■ Task item
Type out the data exactly as given. Skip any image.

■ Dataset extract
Content starts

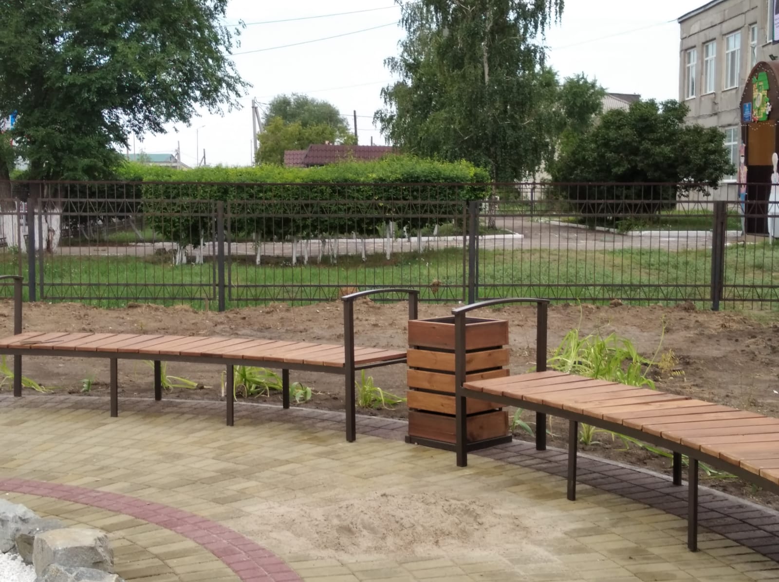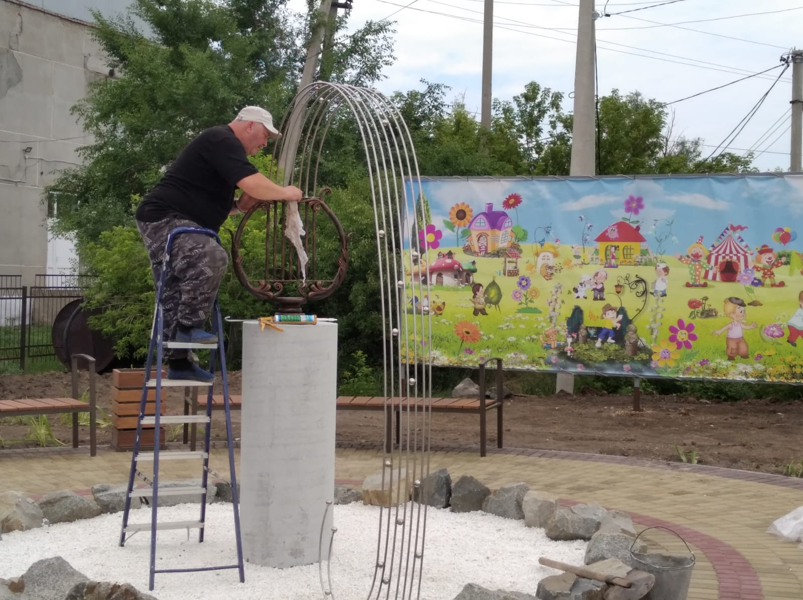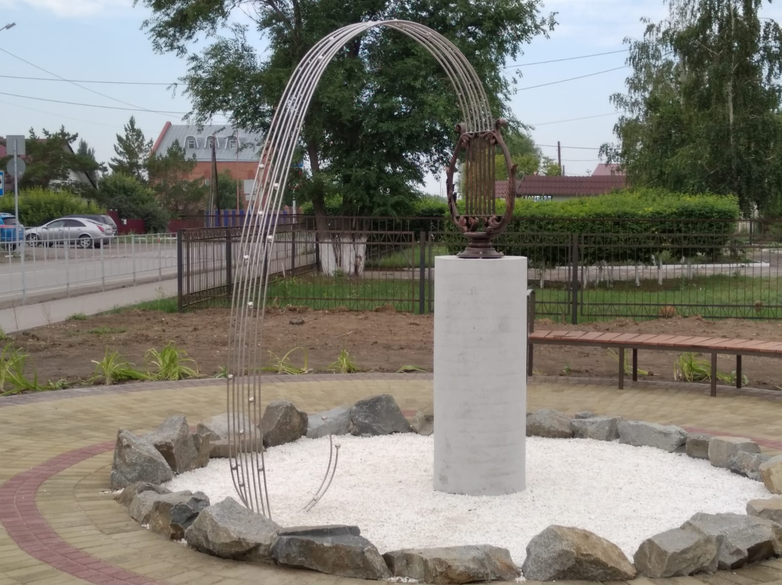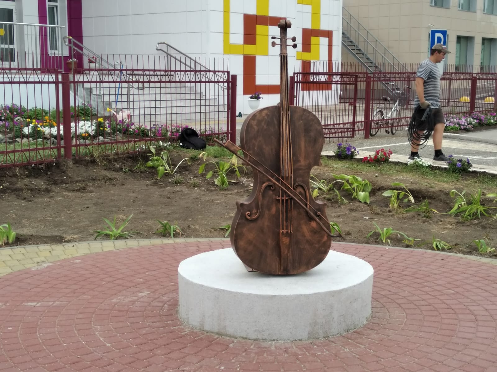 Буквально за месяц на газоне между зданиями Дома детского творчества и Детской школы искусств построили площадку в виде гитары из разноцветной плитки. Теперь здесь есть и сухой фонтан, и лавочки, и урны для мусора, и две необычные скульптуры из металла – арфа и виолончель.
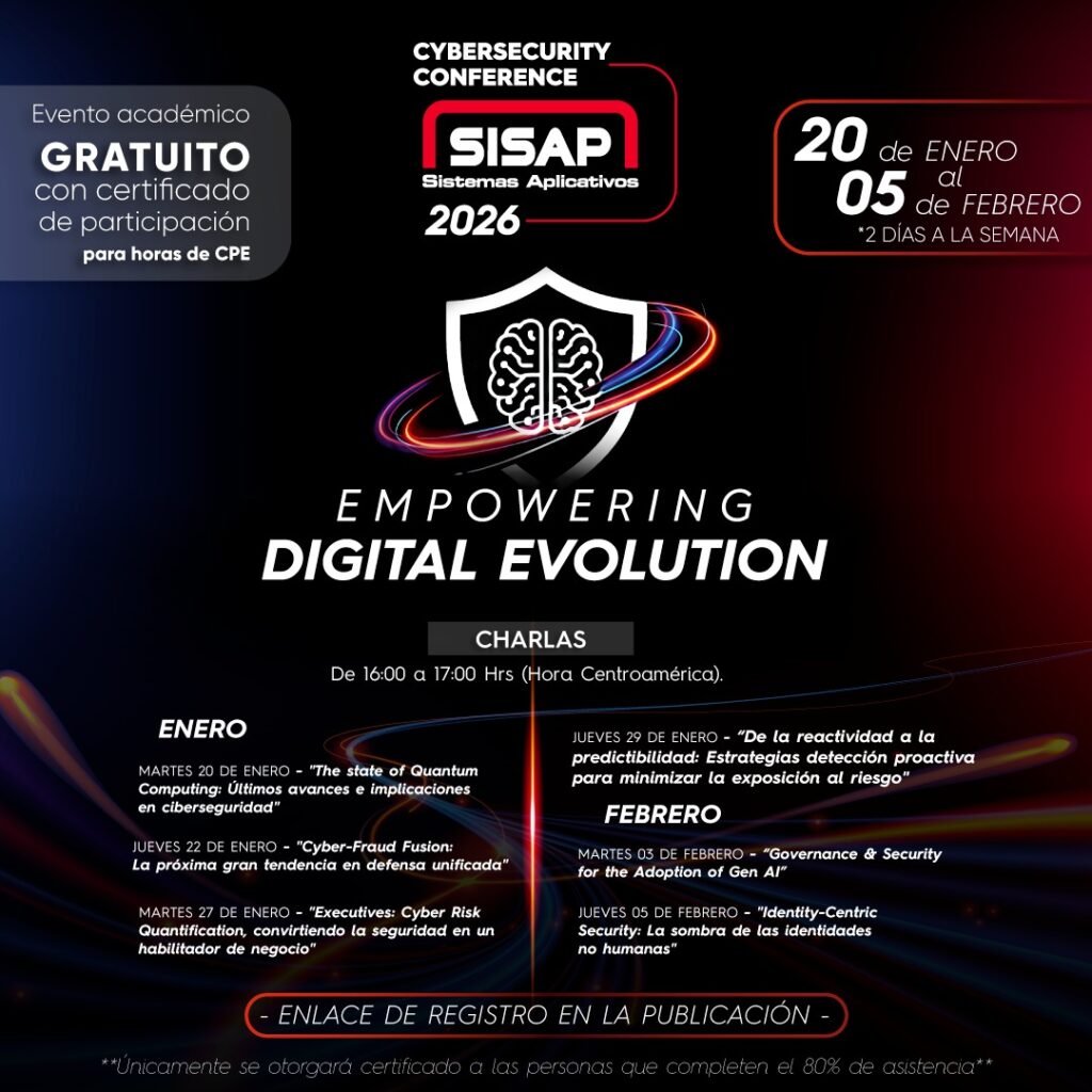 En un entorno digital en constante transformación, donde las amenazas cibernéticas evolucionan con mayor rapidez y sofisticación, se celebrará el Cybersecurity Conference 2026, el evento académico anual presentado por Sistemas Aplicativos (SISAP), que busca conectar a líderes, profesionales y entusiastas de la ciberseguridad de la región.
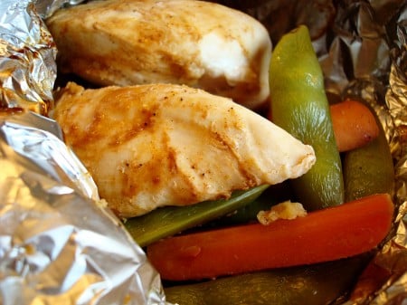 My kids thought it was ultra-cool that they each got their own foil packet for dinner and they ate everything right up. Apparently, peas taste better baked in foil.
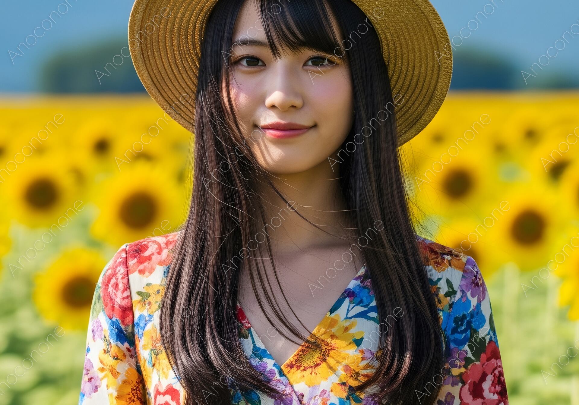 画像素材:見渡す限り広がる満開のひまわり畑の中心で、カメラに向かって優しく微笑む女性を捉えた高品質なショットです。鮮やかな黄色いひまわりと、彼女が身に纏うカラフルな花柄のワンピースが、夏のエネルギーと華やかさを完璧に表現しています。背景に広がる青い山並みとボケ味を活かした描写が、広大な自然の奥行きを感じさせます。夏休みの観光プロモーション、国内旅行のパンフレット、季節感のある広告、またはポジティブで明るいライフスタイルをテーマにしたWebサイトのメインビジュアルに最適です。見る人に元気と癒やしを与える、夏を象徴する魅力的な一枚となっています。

Content ends

■ Completed task
 Буквально за месяц на газоне между зданиями Дома детского творчества и Детской школы искусств построили площадку в виде гитары из разноцветной плитки. Теперь здесь есть и сухой фонтан, и лавочки, и урны для мусора, и две необычные скульптуры из металла – арфа и виолончель.
 En un entorno digital en constante transformación, donde las amenazas cibernéticas evolucionan con mayor rapidez y sofisticación, se celebrará el Cybersecurity Conference 2026, el evento académico anual presentado por Sistemas Aplicativos (SISAP), que busca conectar a líderes, profesionales y entusiastas de la ciberseguridad de la región.
 My kids thought it was ultra-cool that they each got their own foil packet for dinner and they ate everything right up. Apparently, peas taste better baked in foil.
 画像素材:見渡す限り広がる満開のひまわり畑の中心で、カメラに向かって優しく微笑む女性を捉えた高品質なショットです。鮮やかな黄色いひまわりと、彼女が身に纏うカラフルな花柄のワンピースが、夏のエネルギーと華やかさを完璧に表現しています。背景に広がる青い山並みとボケ味を活かした描写が、広大な自然の奥行きを感じさせます。夏休みの観光プロモーション、国内旅行のパンフレット、季節感のある広告、またはポジティブで明るいライフスタイルをテーマにしたWebサイトのメインビジュアルに最適です。見る人に元気と癒やしを与える、夏を象徴する魅力的な一枚となっています。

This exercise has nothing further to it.